In such an event, La Scola explained, having the ability to sequence an outbreak strain as quickly as possible may be critical. While it’s possible to detect antibiotic resistance without sequencing, the sequence data can reveal the mechanism of resistance. It also can help researchers track a strain’s origin.
While acquiring sequence data is relatively fast, taking only about a day, the analysis is more time consuming, which is why the researchers reported a six-week turnaround. Sequencing the entire F. tularensis genome by Sanger sequencing could take two or three months, he said.
The team also further streamlined the process: instead of sequencing and assembling the entire genome, they decided to forego the finishing process. The researchers assembled 480 URFT1 contigs and compared these with sequence from other known F. tularensis strains.
Most of the remaining sequence gaps fell within repeat regions. Because these repeat sequences don’t contain information about virulence factors or other genes of interest, La Scola explained, sequencing them is unnecessary in the outbreak context.
He and his colleagues detected various polymorphisms, modifications, and deletions that could infer changes in characteristics such as virulence and antibiotic resistance. They also used the information they gleaned to develop a typing system that allowed them to categorize dozens of F. tularensis holarctica strains, including URFT1; a live vaccine strain; 74 Swedish, clinical isolates collected over ten years; and five clinical specimens.
“In the bioterrorism context, it allows the rapid detection of strain manipulation, including intentionally added virulence genes and genes that support antibiotic resistance,” the authors wrote.
— By Andrea Anderson, originally published on GenomeWeb Daily News
Northeastern U., Broad to Sequence Pathogens Using Illumina GA
Researchers at Northeastern University, in collaboration with the Broad Institute, will use a $1.4 million grant from the National Institute of General Medical Sciences to sequencing pathogenic bacteria, using Illumina’s Genome Analyzer, in order to find genes responsible for drug resistance.
Northeastern professor Kim Lewis told In Sequence’s sister publication GenomeWeb Daily News last week that he will collaborate with the Broad Institute on the four-year grant, which will fund his lab’s ongoing program focused on the formation of dormant persister bacterial cells.
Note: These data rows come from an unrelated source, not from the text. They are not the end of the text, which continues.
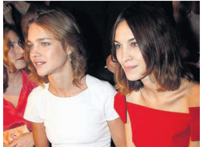
Alexa Chung Breska sjónvarpskonan er gjarnan gestur á sýningum stóru tiskuhúsanna og mátti meðal annars sjá hana á sýningum Valentino, Chanel, Proenza Schouler, Yves Saint Laurent, Cynthia Rowley og Burberry Prorsum.

Fremsti bekkur tiskusýninga er gjarnan þéttsetinn af fræga fólkinu. Nokkur þekkt andlit sjást þó oftast í fremstu sætaröð og má þar nefna leikkonuna Clemence Poesy og fyrirsætuna og sjónvarpskonuna Alex Chung auk áhrifafólks úr tiskuheiminum á borð við Önnu Wintour, Carine Roitfeld og Önnu Dello Russo.
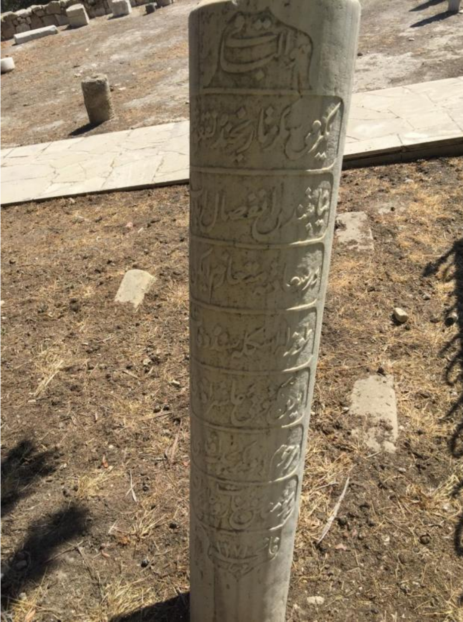
Ek.2. Ebubekir Necib Efendi'nin Mezar Kitabesi
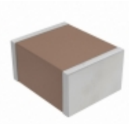
CGA6L2X7R1E335K TDK Corporation CAP CER 3.3UF 25V X7R 1210
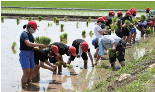
田植えをする児童たち

5月26日、地元農家の協力のもと、西豊田小学校5年生40人が学校近くの水田で田植えを行いました。泥だらけになりながらも田植えを楽しんだ児童たちは、作業を終えて「思ったよりも難しくなかった」「昔の人はこんなに大変な作業をしていたんだと分かった」と笑顔で話しました。
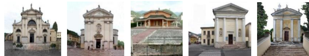
S. Maria Assunta Marostica S. Antonio Abate Marostica Santo Nome di Maria - Marsan S. Giovanni Battista Vallonara S. Lorenzo Pianezze
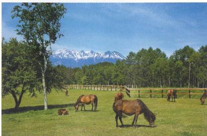
2 木曾馬の里 高原の放牧場では約30頭余りの木曾馬たちがのんびり草を食べていて、乗馬体験を楽しむこともできる。
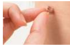
③ 優しく剥がし取る
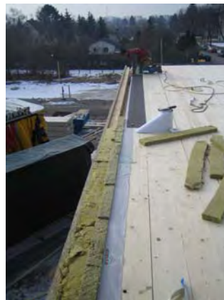
15.02.2006: Nachbearbeitung am Detail Fassade - Decke
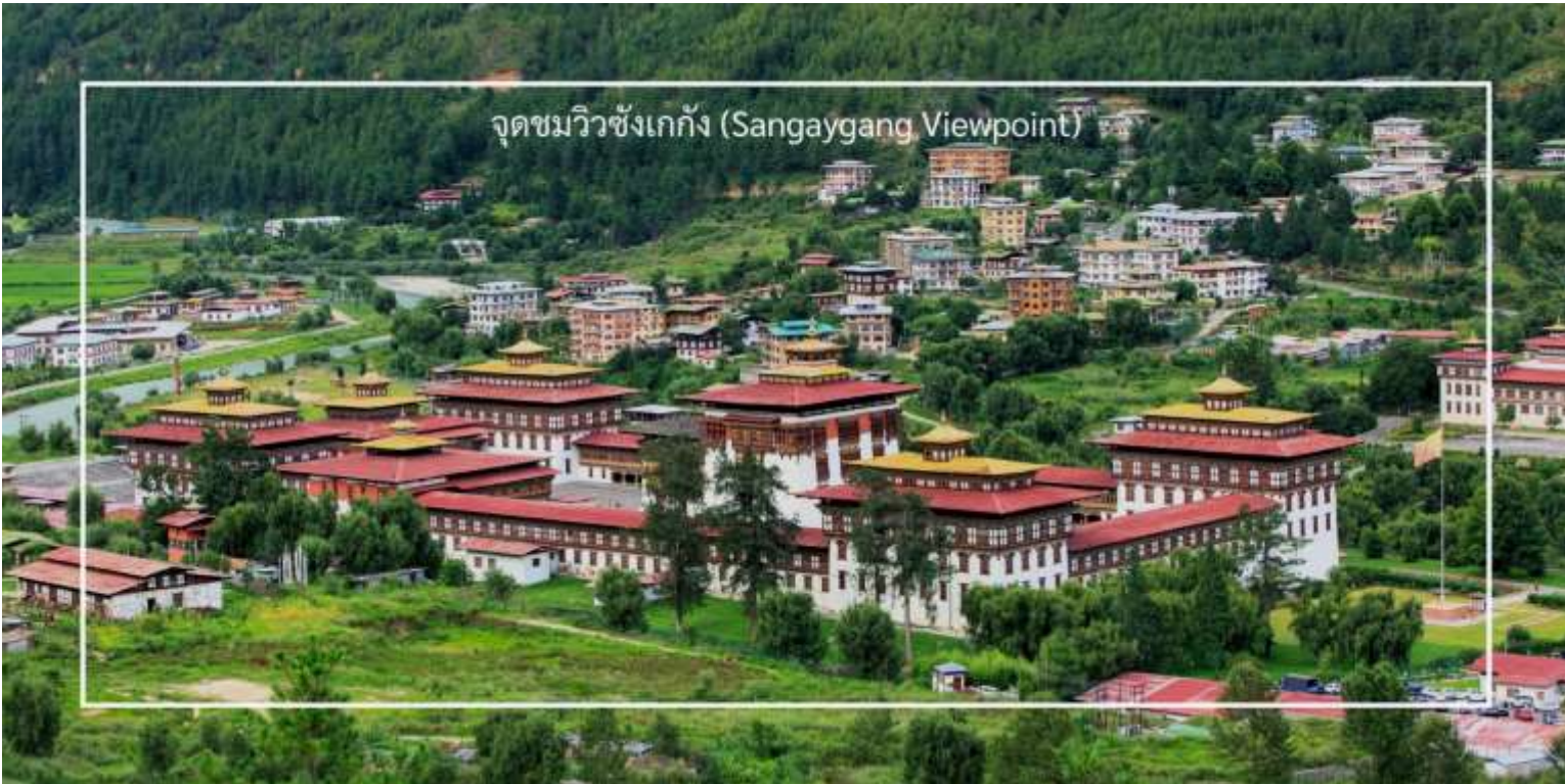
จุดชมวิวซังเกกัง (Sangaygang Viewpoint)

ออกเดินทางสู่เมืองพาร์ โดยใช้เวลาเดินทางประมาณ 50 นาที

Lewis’ research teams hopes to identify the genes responsible for the cells’ formation and maintenance and to develop a therapy to destroy them.
The genomes of several bacteria, such as E. coli, Y. pestis, P. aeruginosa, and M. tuberculosis, contain critical information about this “devious mechanism pathogens have come up with” that grants them tolerance to multiple drugs, Lewis explained.
The Antimicrobial Discovery Center at Northeastern, which Lewis directs, is developing 100 mutant strains of these bacteria, beginning with E. coli, to send on to the Broad Institute for sequencing. Lewis and his co-investigator, James Galagan, will then look for common traits that may be used to help decipher the mechanisms responsible for antibiotic tolerance. Galagan is associate director of microbial genome analysis at the Broad.
Lewis said the sequencing, which will be done using an Illumina Genome Analyzer, does not need to be deep, and “we don’t need to assemble anything, but you do need to have pretty good coverage.”
Lewis explained that his team hopes to get around 20 genes for the 100 mutants that could be used in dormancy regulation, and he thinks the project may be completed within around a year.
"We know that pathogens produce dormant persister cells, which then resist antibiotics, but we need to know how it happens in order to develop effective treatments against these dormant cells," Lewis said in a statement.